The difficulties faced by the Danish Peoples Party have a number of origins. As a matter of public concern, the party’s European parliamentarian group is riven by scandals regarding double-dealing with EU funds. At the home front, it sees itself under political pressure after supporting the current government for the last four years. Though the party has succeeded in getting through a number of draconian measures aimed at immigrants, crowned by the so-called “shift in paradigm” regarding Danish immigrant politics, it has been unable to deliver in other areas such as social welfare.
With the adoption of the immigrant paradigm shift, the Danish Peoples Party furthermore has made its own nationalist position mainstream, effectively making all parties at the parliament from the Social Democrats to the right to vocally support their nationalist ideas. Politically, this has resulted in a political landscape with blurred lines, and brought other issues to the fore in the parties’ pursuit of stronger political profiles respectively. Traditionally, the EU-skepticism the Danish Peoples Party has acted as a pointer for its apparent defense of the welfare state, but this position is no longer as strong as it was earlier. As Brexit seems to indicate, an exit from the EU does not in itself spell for a stronger nation state with the opportunity to preserve an economical basis of a welfare state model such as the Danish.

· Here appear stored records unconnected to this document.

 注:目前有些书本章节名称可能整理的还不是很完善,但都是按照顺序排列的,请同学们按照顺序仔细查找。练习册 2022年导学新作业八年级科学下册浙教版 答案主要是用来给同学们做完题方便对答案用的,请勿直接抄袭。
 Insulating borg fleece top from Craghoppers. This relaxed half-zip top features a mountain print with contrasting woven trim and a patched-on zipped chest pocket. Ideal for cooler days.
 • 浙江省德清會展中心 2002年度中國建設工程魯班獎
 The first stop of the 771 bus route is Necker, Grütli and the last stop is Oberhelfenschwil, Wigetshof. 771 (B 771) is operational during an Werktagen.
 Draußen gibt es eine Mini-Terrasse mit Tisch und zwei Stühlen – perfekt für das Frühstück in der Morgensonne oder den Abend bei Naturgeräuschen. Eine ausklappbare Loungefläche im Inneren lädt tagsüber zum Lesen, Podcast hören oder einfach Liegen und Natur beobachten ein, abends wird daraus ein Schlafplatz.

This has opened up possibilities for a renewed EU-critique from the left. Many of its strongest positions are bound up on international dilemmas, and point towards solutions beyond the nation state. While the break with the Peoples Movement Against the EU could possibly point towards a more internationalist and less isolationist approach of the Red-Green Alliance, its position in the national parliament increasingly focuses on the defense of the Danish welfare state on par with the other parties of the Danish left wing. What remains to be seen is whether the newly adopted Euro-skeptic reformist EU-strategy could strengthen such a position in the view of the electorate. The first indication of this will be the European elections in May.

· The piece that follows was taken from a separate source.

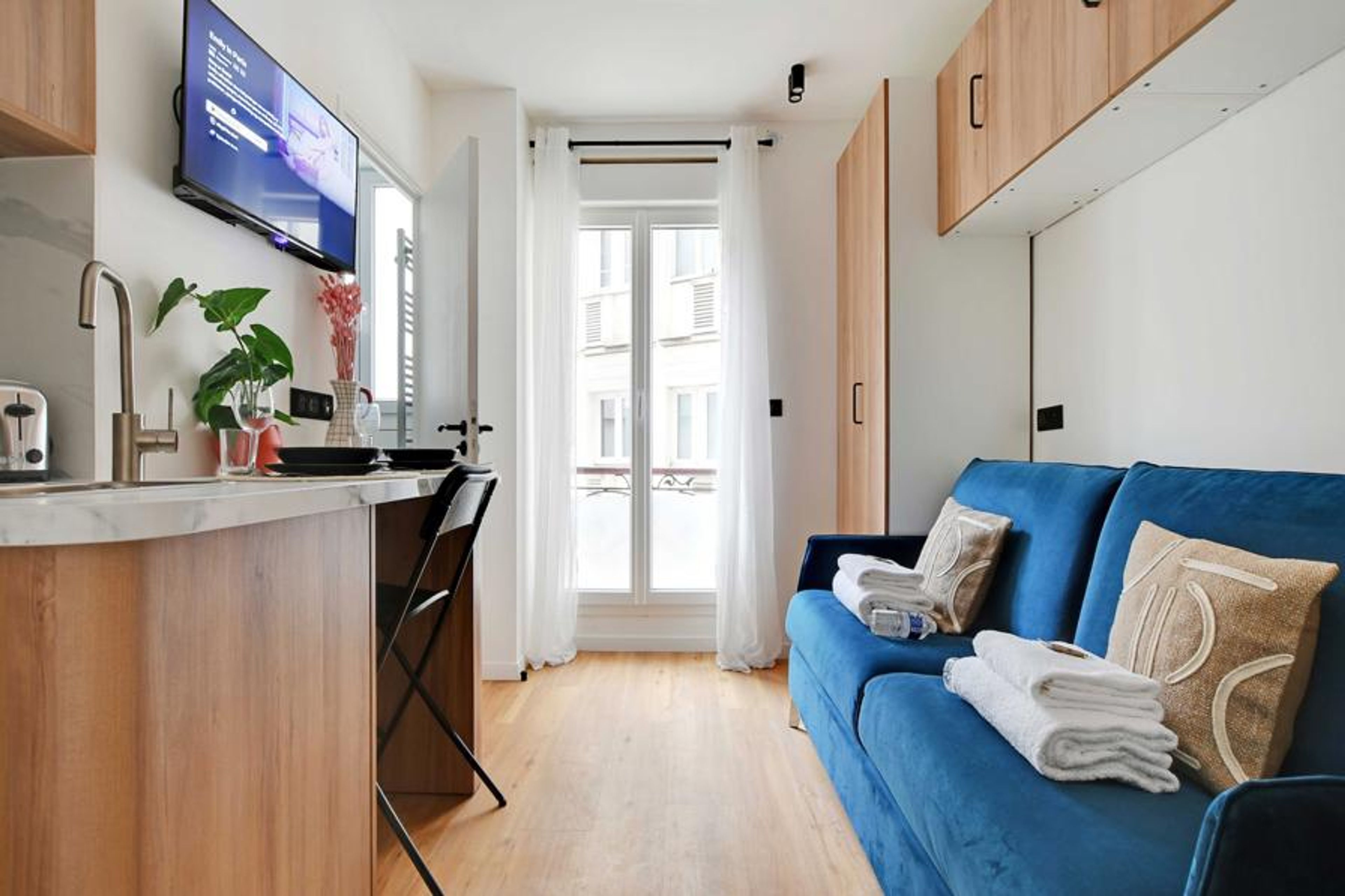 Step into this elegant 14m² studio apartment, a real gem nestled in the heart of Paris's sought-after 18th arrondissement. Set amongst the architectural treasures of Montmartre, including the majestic Sacré-Coeur Basilica, this space offers you an unforgettable Parisian experience. Equipped with modern and complete facilities, it ensures your comfort throughout your stay.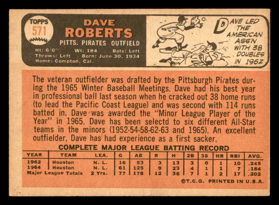 1966 Topps Baseball #571 Dave Roberts Pirates VG-EX/EX 542946

Generally, the practical importance of the opt-outs is increasingly negated by bilateral dealings between the Danish government and the EU. This leaves Denmark in an ambivalent position with the opt-outs placing the country with a special status within the union, but without influence on important decisions concerning central aspects of union policies. Such difficulty of upholding Denmark’s real independence affects the Lilliputian sentiment of the Danish public, seemingly concerned about the potential inability to deal with worldwide problems on a national scale while at the same time wanting to secure the survival of the Danish welfare system.
As a result, a new public sentiment might be seeing the light of day – a sentiment that begins to open up towards a more European orientation, which could take the EU and how to change it from within to the heart of societal discussions within the kingdom of Denmark.